Oklahoma has created the kind of culture in its child welfare system where rules are ignored, where indifference and laxity prevail — and where children suffer. How else to explain two young kids who drowned under shockingly similar circumstances hardly a year apart, when state officials could have spared them that tragic fate by enforcing one simple rule?

S.W. had just turned two years old when Oklahoma officials removed her from her parents’ world of violence, alcohol abuse, and mental illness. After bouncing through a variety of foster care placements — sometimes with her young siblings, sometimes not — S.W. landed with her brothers and sister at a recently approved foster home.

Ignore, if you can, the fact that S.W. and her siblings never should have been in a home with a documented history of serious child welfare problems. Believe it or not, that’s irrelevant to this particular case.

And what makes it irrelevant is something that may seem at first glance far less threatening — even banal: a swimming pool. Repeatedly, state child welfare workers noted the lack of a security fence around the pool — as required by Oklahoma child welfare policy — at S.W.’s foster home. Official records indicate that state officials documented the issue and spoke to the foster parents about it. The parents signed those documents. And still, despite this clear violation of its own policy, the state began placing children there.

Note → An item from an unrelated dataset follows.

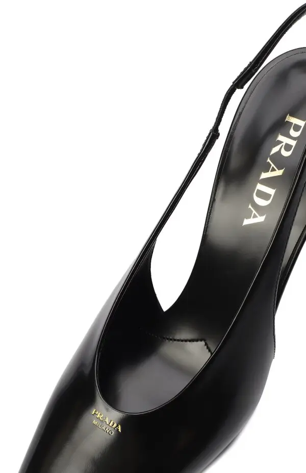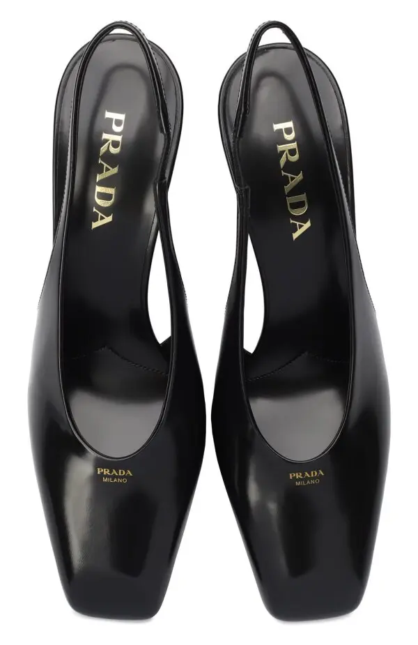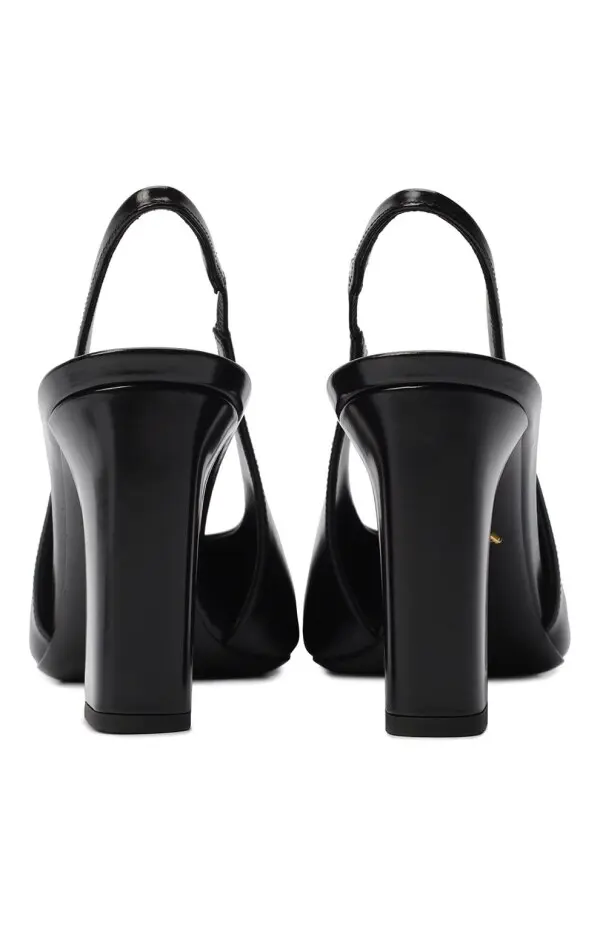 Туфли Prada чёрного цвета выполнены из гладкой полированной кожи. Модель с открытой пяткой и ремешком на резинке отличается лаконичным дизайном и квадратным мысом. Устойчивая геометричная танкетка придаёт силуэту современное звучание, сохраняя элегантность классики.

Three months after S.W. moved into this unsafe home, she sank to the bottom of that pool, never to breathe again.

With mistakes so obvious, and fixes so easy to understand and apply, one might think that Oklahoma would try to draw some lesson from this horrible incident, to head off the possibility that this tragedy might repeat itself by reminding all of its child welfare workers that pools require fences — or the foster home can’t take children.

If they did, the message clearly didn’t take root. Fourteen months later, the state placed three-year-old J.T. in a foster home with a fenceless pool. Once again, the state noted the deficiency multiple times. And once again, the state ignored its own rules.

Three weeks after arriving at the home, J.T. drowned.

So many of the horrors we learn of in our child welfare reform campaigns involve malevolence or willful neglect by one of the people in vulnerable children’s lives. But not in these cases, and in a way, it makes the stories of S.W. andJ.T. more difficult to stomach.

S.W. and J.T. would be alive today if Oklahoma’s child welfare officials had followed one simple rule that required no judgment, no real decision-making skills.

The deaths of S.W. and J.T. are just two of at least five preventable tragedies to befall children in Oklahoma state custody over the past few years. All these deaths represent the extreme consequences of dysfunction in its foster care system, detailed in a damning recent report by a team of child welfare experts.

The ills plaguing Oklahoma’s child welfare system — and causing innocent kids irreparable and sometimes deadly harm — can be fixed. The state can train workers to react quickly, to run every background check, to make smart decisions that put the children first. But it seems like Oklahoma will make changes only if it has to.

It does.

At Children’s Rights, we have one rule that conquers all — we must do whatever it takes to ensure kids in foster care are safe and on the fastest path to stable, loving, permanent families.

We follow that rule to the letter.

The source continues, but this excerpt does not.